> _Exercise description_
What is needed is the exact text of each line in the listing below from the one with "Ο θρύλος του" up to and including the one with "疫情重启后迎来的2021新年", and no pictures.

------------------------------------------------

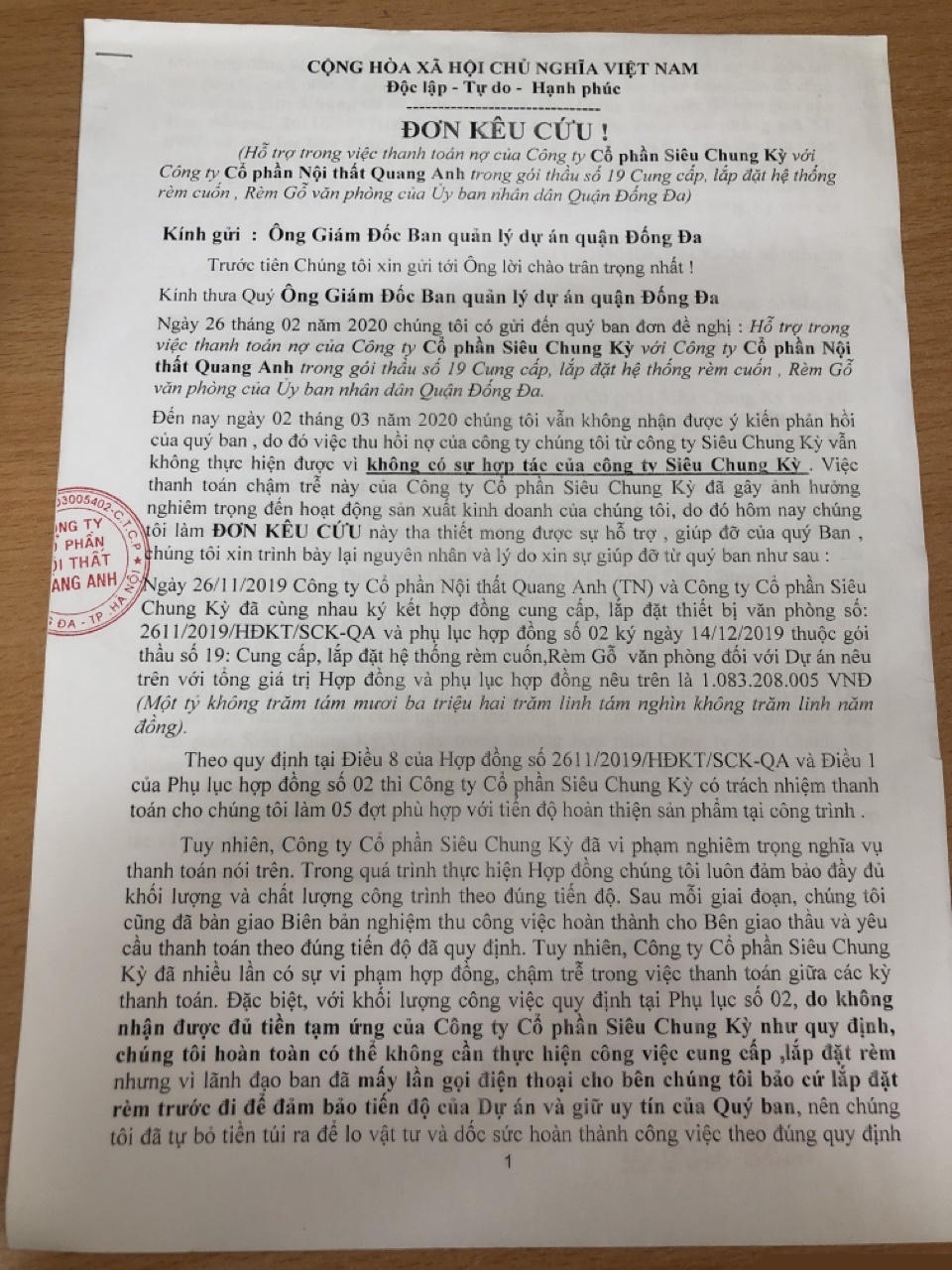 Cụ thể, Báo điện tử Xây dựng nhận được đơn phản ánh của Công ty cổ phần Nội thất Quang Anh về Công ty cổ phần Siêu Chung Kỳ chậm trễ trong việc thanh toán nợ gói thầu số 19 Thiết bị văn phòng tại dự án Xây dựng trụ sở Quận ủy, HĐND, UBND quận Đống Đa.
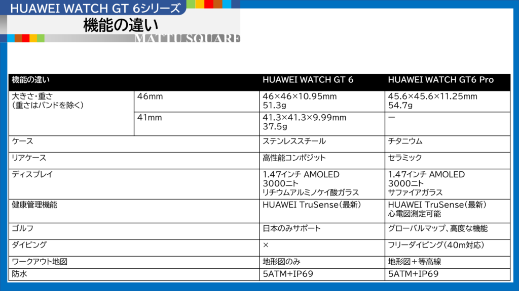 HUAWEI WATCH GT 6 ProとHUAWEI WATCH GT 6の違い
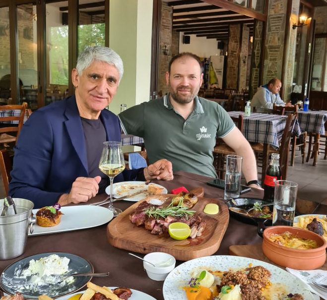 Ο θρύλος του Ελληνικού μπάσκετ μετά από σειρά επαφών και επισκέψεων σε σχολεία κατέληξε αργά το μεσημέρι στο πιο φημισμένο κατάστημα του ν. Τρικάλων για τα ξεχωριστά κρέατά του, ωρίμανσης και ιδιαίτερης κοπής, στον “Πλάτανο” στη Μύκανη. Δοκίμασε όλα τα ορεκτικά του νέου καταλόγου και τίμησε ιδιαιτέρως το black agnus ribay. Διακρίνεται με τον ιδιοκτήτη του καταστήματος, Θέμη Μπέλλο.
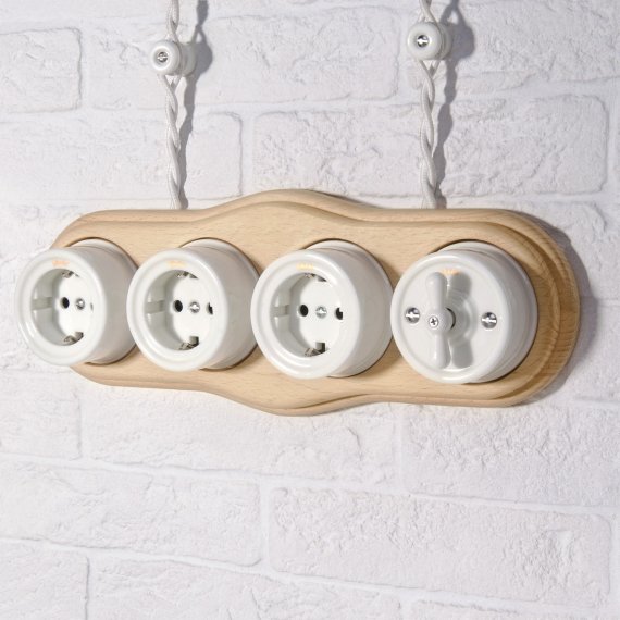 WL18-03-01/ Розетка с заземлением (белый) Ретро
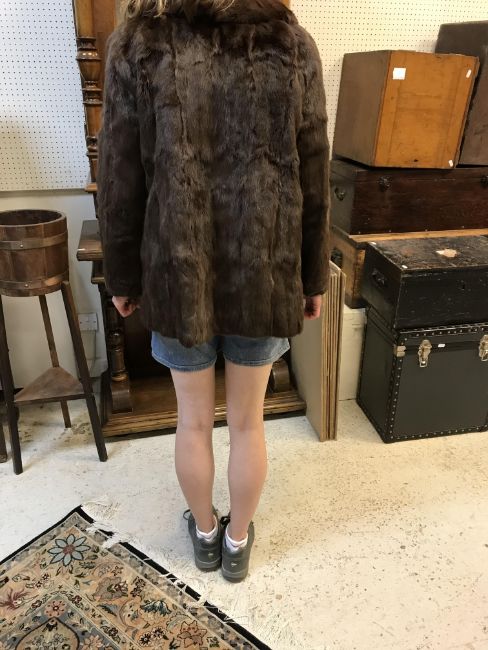 A brown mink jacket with satin lining, together with a grey rabbit fur coat with satin lining
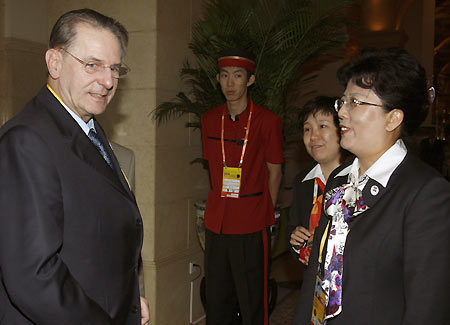 International Olympic Committee (IOC) President Jacques Rogge (L) arrives at the Beijing Hotel July 31, 2008. [Agencies]
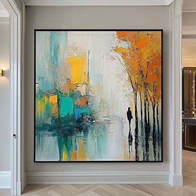 Quadro astratto fatto a mano con figure che camminano in un parco, dipinto ad olio su tela, albero, decorazione murale per la casa.
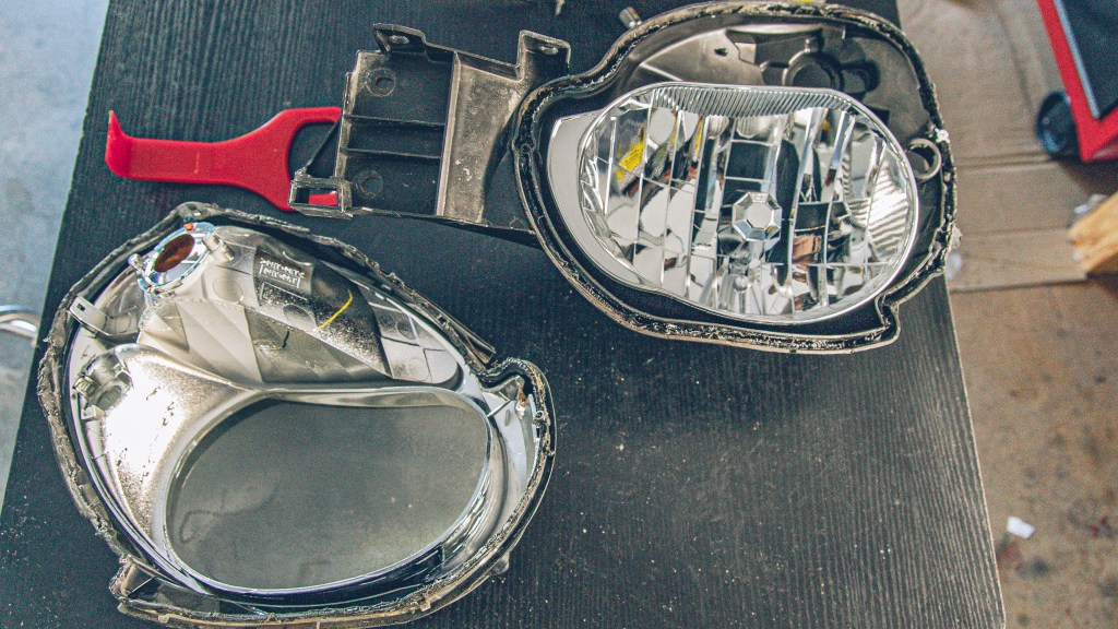 Definitely have a screwdriver or trim removal tool on hand to knock down the strings of sealant as you separate the lenses.
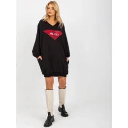 Černá dlouhá oversize mikina s kamínkovou aplikací .
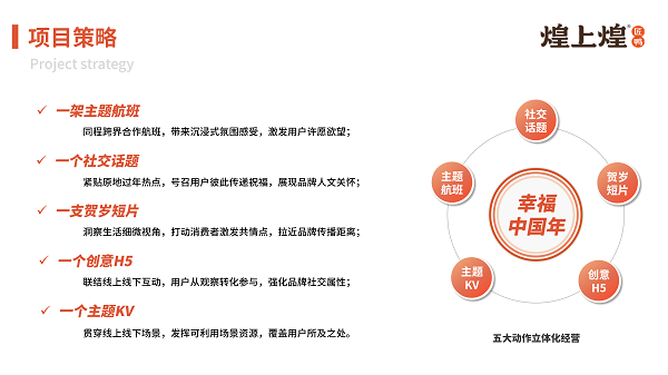 疫情重启后迎来的2021新年,人们对于幸福有更超以往的期待,更需要勇气和鼓励。在竞争激烈的春节营销中,常见的传播内容轰炸已经让消费者形成了高接收阈值,煌上煌另辟蹊径的从吉利话的内容角度出发,以此撕开已经形成高阈值的市场关注。
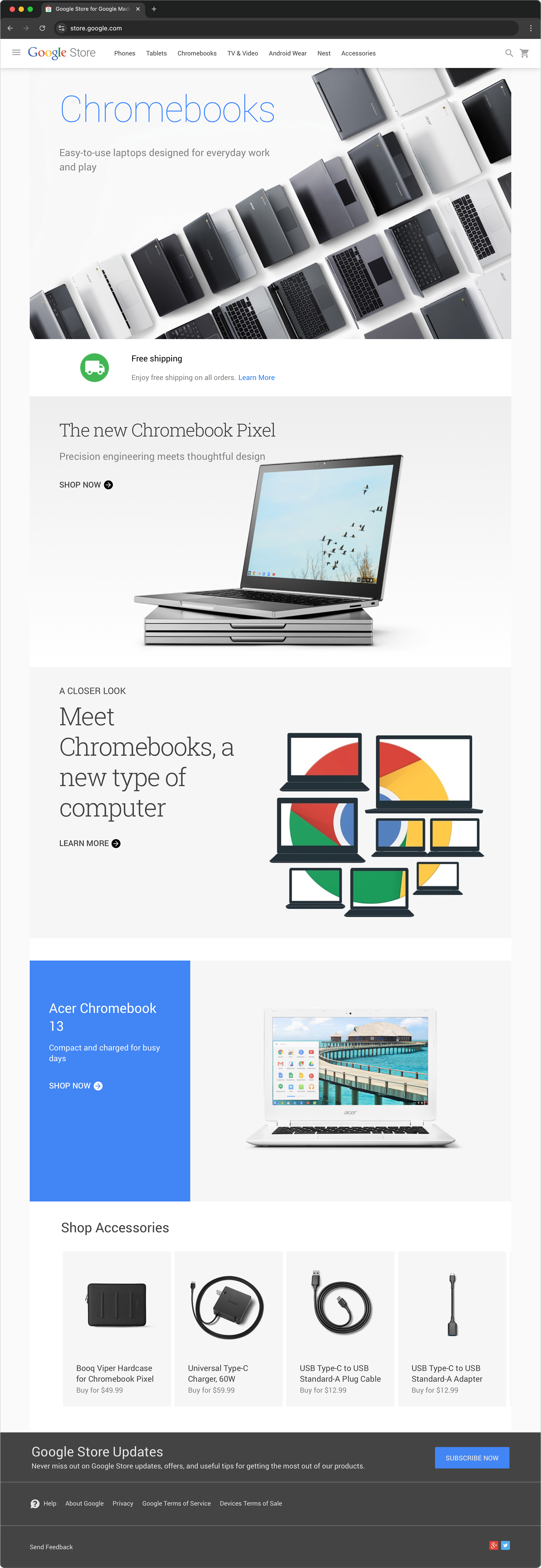 The new home for the latest devices made with Google. Shifting away from Google Play to launch a dedicated storefront for their Pixels, Chromebooks, and Nest products. Working within Google's SF Brand Studio our team created templates, work flow systems, design specifications and best practices for both designers and developers alike to implement for the launch of Google Store.
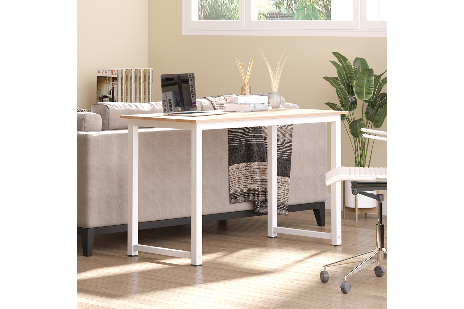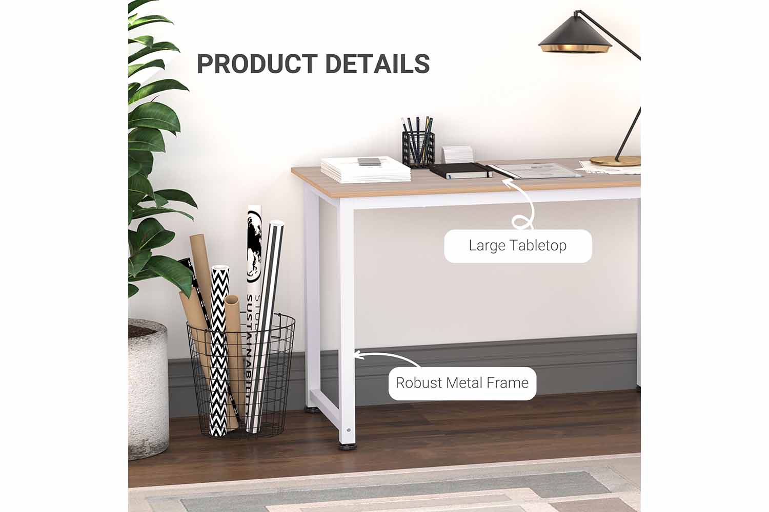 - Sturdy MDF top with a white metal frame for enhanced durability

------------------------------------------------

> _Written reply_
 Ο θρύλος του Ελληνικού μπάσκετ μετά από σειρά επαφών και επισκέψεων σε σχολεία κατέληξε αργά το μεσημέρι στο πιο φημισμένο κατάστημα του ν. Τρικάλων για τα ξεχωριστά κρέατά του, ωρίμανσης και ιδιαίτερης κοπής, στον “Πλάτανο” στη Μύκανη. Δοκίμασε όλα τα ορεκτικά του νέου καταλόγου και τίμησε ιδιαιτέρως το black agnus ribay. Διακρίνεται με τον ιδιοκτήτη του καταστήματος, Θέμη Μπέλλο.
 WL18-03-01/ Розетка с заземлением (белый) Ретро
 A brown mink jacket with satin lining, together with a grey rabbit fur coat with satin lining
 International Olympic Committee (IOC) President Jacques Rogge (L) arrives at the Beijing Hotel July 31, 2008. [Agencies]
 Quadro astratto fatto a mano con figure che camminano in un parco, dipinto ad olio su tela, albero, decorazione murale per la casa.
 Definitely have a screwdriver or trim removal tool on hand to knock down the strings of sealant as you separate the lenses.
 Černá dlouhá oversize mikina s kamínkovou aplikací .
 疫情重启后迎来的2021新年,人们对于幸福有更超以往的期待,更需要勇气和鼓励。在竞争激烈的春节营销中,常见的传播内容轰炸已经让消费者形成了高接收阈值,煌上煌另辟蹊径的从吉利话的内容角度出发,以此撕开已经形成高阈值的市场关注。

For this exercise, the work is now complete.